Numerical investigation of ethylene flame bubble instability induced by shock waves

In this paper, the ethylene/oxygen/nitrogen premixed flame instabilities induced by incident and reflected shock wave were investigated numerically. The effects of grid resolutions and chemical mechanisms on the flame bubble deformation process are evaluated. In the computational frame, the 2D multi-component Navier–Stokes equations with second-order flux-difference splitting scheme were used; the stiff chemical source term was integrated using an implicit ordinary differential equations (ODEs) solver. The two ethylene/oxygen/nitrogen chemical mechanisms, namely 3-step reduced mechanism and 35-step elementary skeletal mechanism, were used to examine the reliability of chemistry. On the other hand, the different grid sizes, Δx × Δy = 0.25 × 0.5mm and Δx × Δy = 0.15 × 0.2mm, were implemented to examine the accuracy of the grid resolution. The computational results were qualitatively validated with experimental results of Thomas et al. (Combust Theory Model 5:573–594, 2001).
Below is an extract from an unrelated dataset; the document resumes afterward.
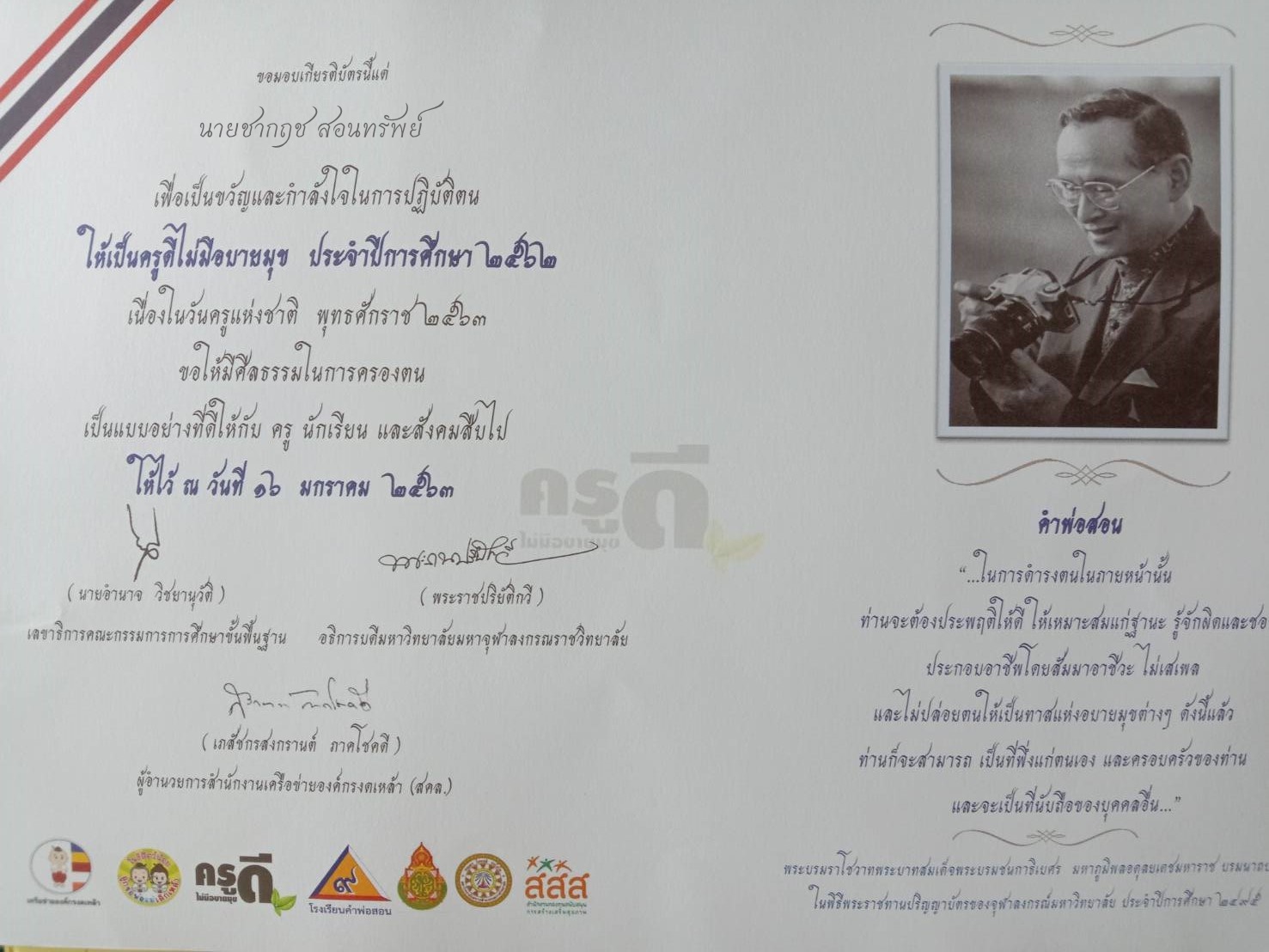 นายชากฤช สอนทรัพย์ รับรางวัล "ครูดีไม่มีอบายมุข"ประจำปี 2562 เนื่องในวันครูเเห่งชาติ 2563 จากสำนักงานเลขานุการการศึกษาขั้นพื้นฐาน

Two chemical mechanisms and two grid resolutions used in present study can qualitatively reproduce the ethylene spherical flame instability process generated by an incident shock wave of Mach number 1.7. For the case of interaction between the flame and reflected shock waves, the 35-steps mechanism qualitatively predicts the physical process and is somewhat independent on the grid resolutions, while the 3-steps mechanism fails to reproduce the instability of ethylene flame for the two selected grid resolutions. It is concluded that the detailed chemical mechanism, which includes the chain elementary reactions of fuel combustion, describes the flame instability induced by shock wave, in spite of the fact that the flame thickness (reaction zone) is represented by 1–2 grids only.